# Supplied material
+-------+
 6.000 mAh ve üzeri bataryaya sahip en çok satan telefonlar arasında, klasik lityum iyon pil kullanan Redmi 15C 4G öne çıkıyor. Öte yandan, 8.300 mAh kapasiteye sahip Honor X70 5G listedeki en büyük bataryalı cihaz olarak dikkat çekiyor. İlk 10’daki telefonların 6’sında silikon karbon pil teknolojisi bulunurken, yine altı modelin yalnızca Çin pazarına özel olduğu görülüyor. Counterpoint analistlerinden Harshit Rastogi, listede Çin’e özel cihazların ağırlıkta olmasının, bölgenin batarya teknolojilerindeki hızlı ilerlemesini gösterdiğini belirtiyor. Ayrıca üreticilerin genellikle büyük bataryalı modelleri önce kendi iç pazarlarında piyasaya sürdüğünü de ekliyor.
+-------+
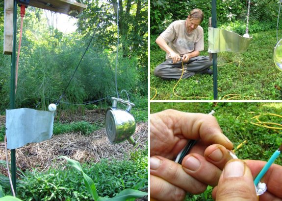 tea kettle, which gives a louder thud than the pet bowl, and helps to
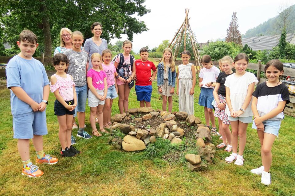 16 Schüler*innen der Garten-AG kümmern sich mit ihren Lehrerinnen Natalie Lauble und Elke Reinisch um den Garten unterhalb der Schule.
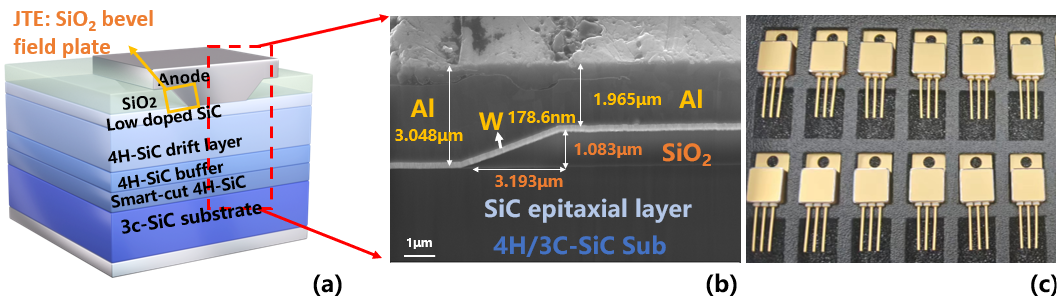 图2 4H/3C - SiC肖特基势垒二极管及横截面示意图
+-------+
In the records above, find the line with "tea kettle, which" and the line with "图2 4H/3C - SiC肖特基势垒二极管及横截面示意图", then restate word for word only those two lines and all lines between, omitting pictures.

# Task answer
 tea kettle, which gives a louder thud than the pet bowl, and helps to
 16 Schüler*innen der Garten-AG kümmern sich mit ihren Lehrerinnen Natalie Lauble und Elke Reinisch um den Garten unterhalb der Schule.
 图2 4H/3C - SiC肖特基势垒二极管及横截面示意图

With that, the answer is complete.